The photograph was taken in 1904 at C. Schade photography studio and frame manufactory at 50 Russell Street, Worcester, in what was then the Cape Colony. The framed photograph (80 cm x 70 cm) won first prize in a competition at the local agricultural show in 1905.
The people in the photograph are Brietta Home and her three children, George, Ruby and Natalie.
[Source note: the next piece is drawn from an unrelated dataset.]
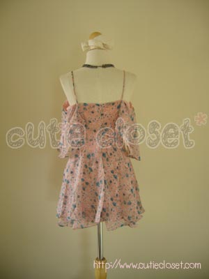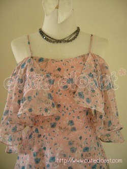 NEW!!! เดรสผ้าชีฟองเปิดไหล่ตกแต่งระบายสีชมพูลายดอกไม้ เสื้อผ้าสวยราคาไม่แพง สินค้าเกรด AAA โดย [Cutie Closet]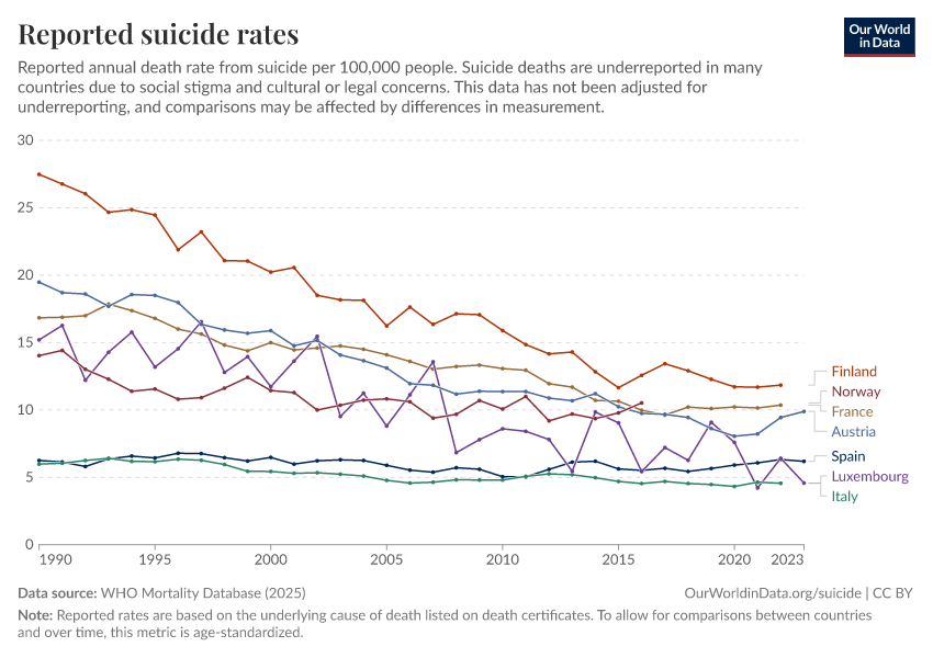 Saloni Dattani, Lucas Rodés-Guirao, Hannah Ritchie, Max Roser, and Esteban Ortiz-Ospina (2023) - “Suicides” Published online at OurWorldinData.org. Retrieved from: 'https://sophia-test-2.owid.pages.dev/suicide' [Online Resource]BibTeX citation

The family lived at 107 Church Street.
The father, Charles Home (1864–1908), practised as an attorney, notary and conveyancer in Worcester from 1886 until his death of typhoid fever at the age of 44.
The mother, Brietta Caroline Drew von Ludwig (1870–1955), who was the daughter of a baron, died at the age of 84 in her Church Street home of cerebral thrombosis.
The eldest, George William Home (1895–1935), also practised as an attorney and notary in Worcester, and died at the age of 40 of subacute infective endocarditis.
The eldest daughter, Ruby Drew Home (1900–1984), was a mathematics teacher at a high school in Worcester for many years. She never married and lived with her mother until the latter’s death; she subsequently sold the house in Church Street and moved to a small double-storey house at 24 Adderley Street, and later to an old-age home. She died of heart failure at the same age as her mother.
The youngest, Natalie Lilian (1903–1958) married at the age of 21 and moved with her husband to Walmer, Port Elizabeth, where she died of coronary thrombosis at the age of 54.
I remember the portrait hanging in Ruby’s home in Adderley Street. She left it to my mother, and today it hangs on my wall.